### Requirement
Once the line containing "Set within the" is found in the entries below, restate it and each following line word for word, stopping after the line containing "9个勇者中,重甲拥有很高的生".

### Given entries
[Start of section]
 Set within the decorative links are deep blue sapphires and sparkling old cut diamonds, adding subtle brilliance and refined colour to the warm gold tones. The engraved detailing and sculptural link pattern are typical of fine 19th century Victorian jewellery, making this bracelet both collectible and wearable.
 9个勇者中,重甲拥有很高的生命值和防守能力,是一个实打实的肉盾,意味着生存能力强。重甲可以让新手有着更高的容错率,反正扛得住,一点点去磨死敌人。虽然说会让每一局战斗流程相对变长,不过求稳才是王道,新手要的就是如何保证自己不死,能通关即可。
[End of section]
[Start of section]
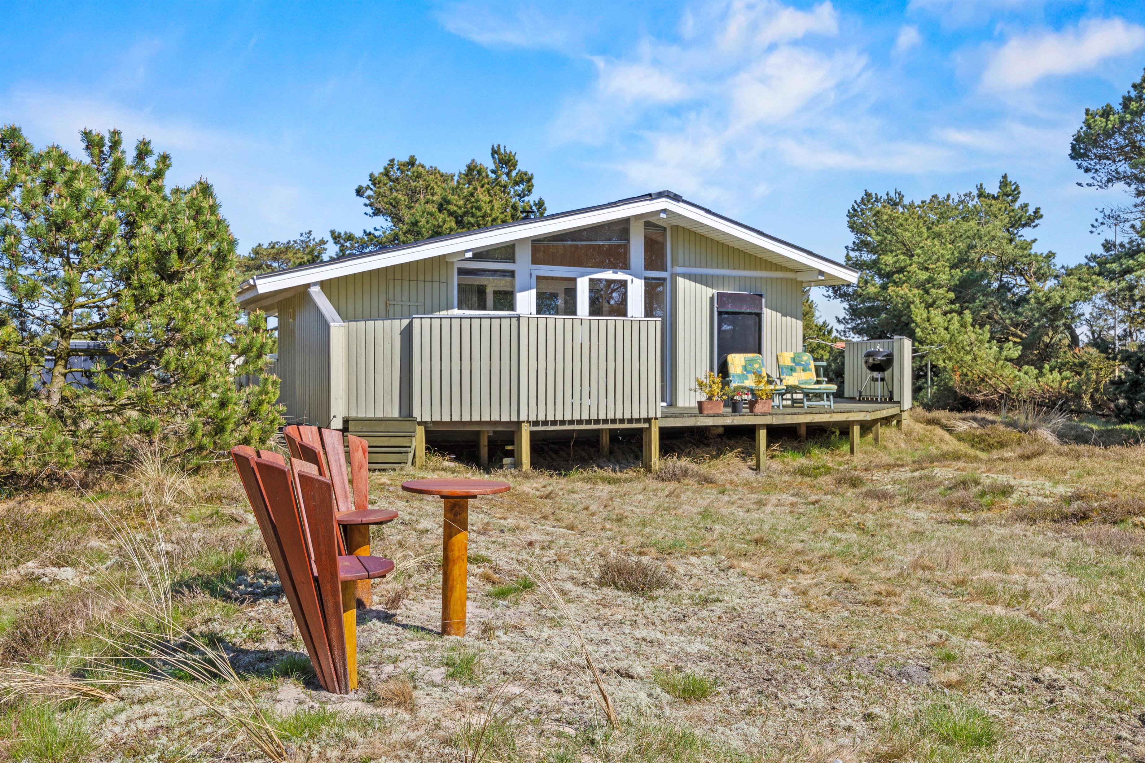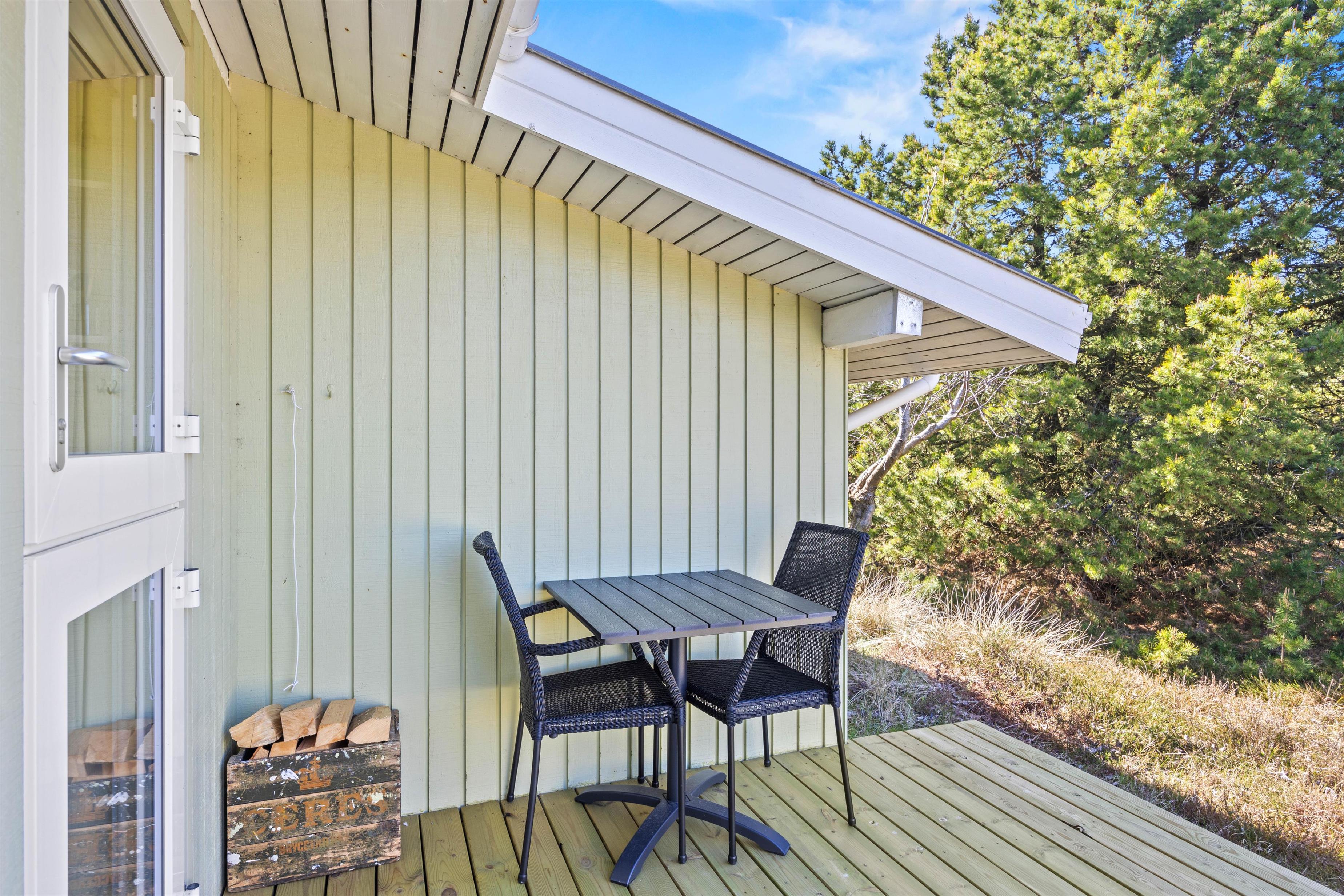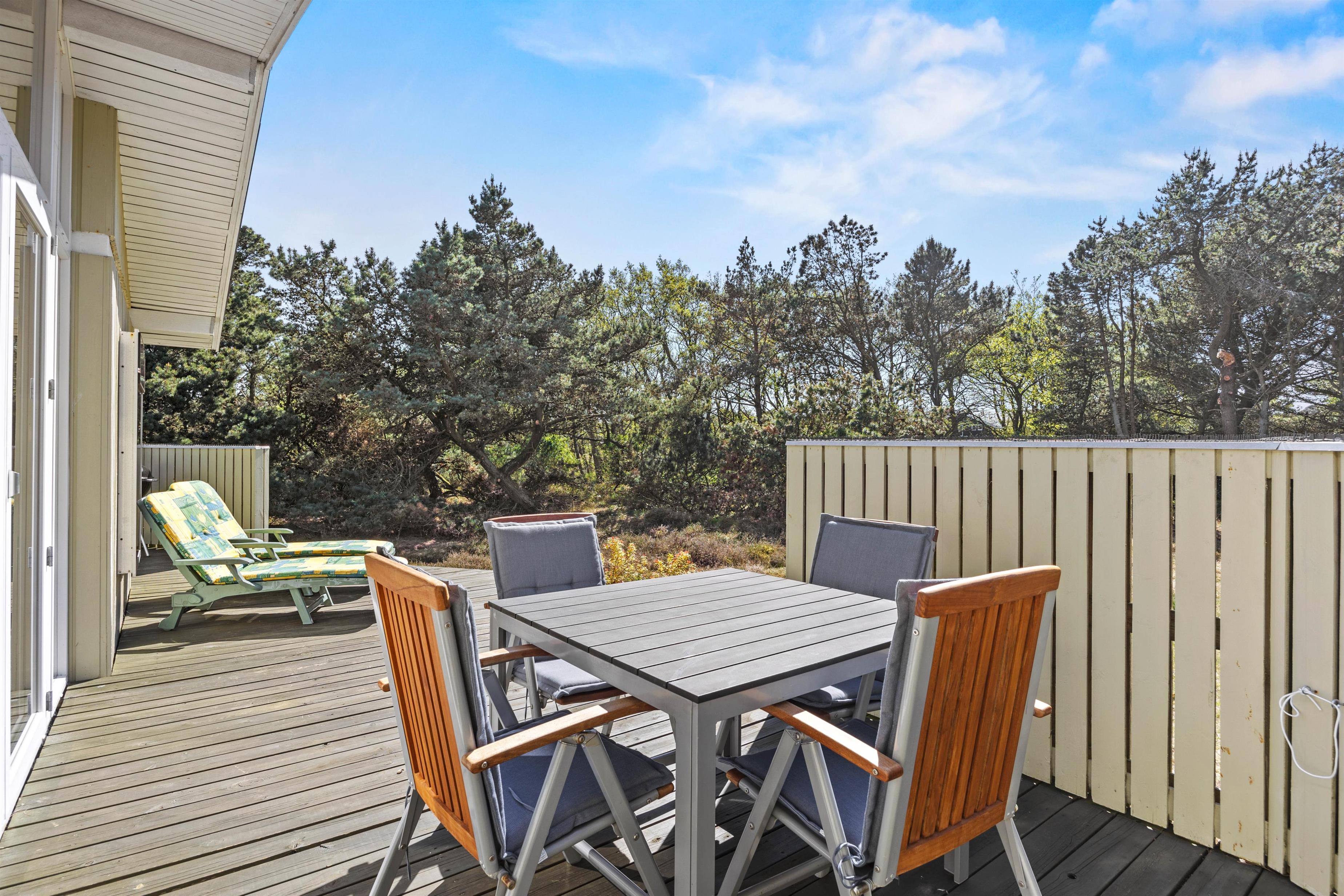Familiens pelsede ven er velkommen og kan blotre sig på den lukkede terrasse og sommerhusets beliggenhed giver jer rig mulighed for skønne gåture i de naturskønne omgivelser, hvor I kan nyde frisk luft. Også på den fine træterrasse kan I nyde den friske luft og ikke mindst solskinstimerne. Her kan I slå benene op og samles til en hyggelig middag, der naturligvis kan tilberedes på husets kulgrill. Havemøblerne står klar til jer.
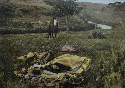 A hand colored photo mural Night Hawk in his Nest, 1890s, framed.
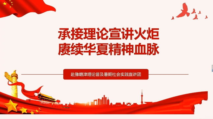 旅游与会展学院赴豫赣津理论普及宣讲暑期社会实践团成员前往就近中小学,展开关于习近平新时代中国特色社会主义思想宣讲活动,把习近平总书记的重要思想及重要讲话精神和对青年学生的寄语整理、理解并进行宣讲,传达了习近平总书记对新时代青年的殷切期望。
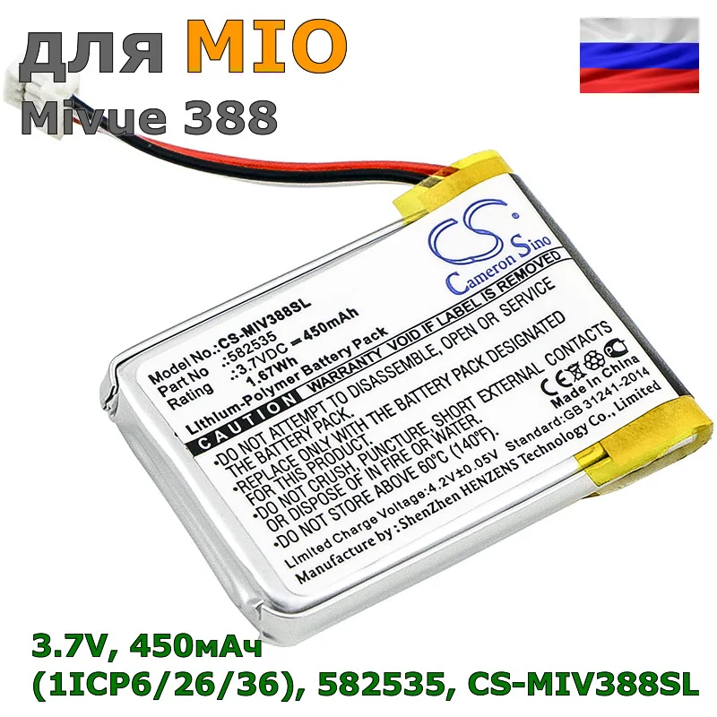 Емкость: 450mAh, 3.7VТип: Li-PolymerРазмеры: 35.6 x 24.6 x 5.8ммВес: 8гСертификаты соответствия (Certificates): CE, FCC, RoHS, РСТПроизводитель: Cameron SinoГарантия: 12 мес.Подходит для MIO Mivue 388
[End of section]
### Solution to the exercise
 Set within the decorative links are deep blue sapphires and sparkling old cut diamonds, adding subtle brilliance and refined colour to the warm gold tones. The engraved detailing and sculptural link pattern are typical of fine 19th century Victorian jewellery, making this bracelet both collectible and wearable.
 9个勇者中,重甲拥有很高的生命值和防守能力,是一个实打实的肉盾,意味着生存能力强。重甲可以让新手有着更高的容错率,反正扛得住,一点点去磨死敌人。虽然说会让每一局战斗流程相对变长,不过求稳才是王道,新手要的就是如何保证自己不死,能通关即可。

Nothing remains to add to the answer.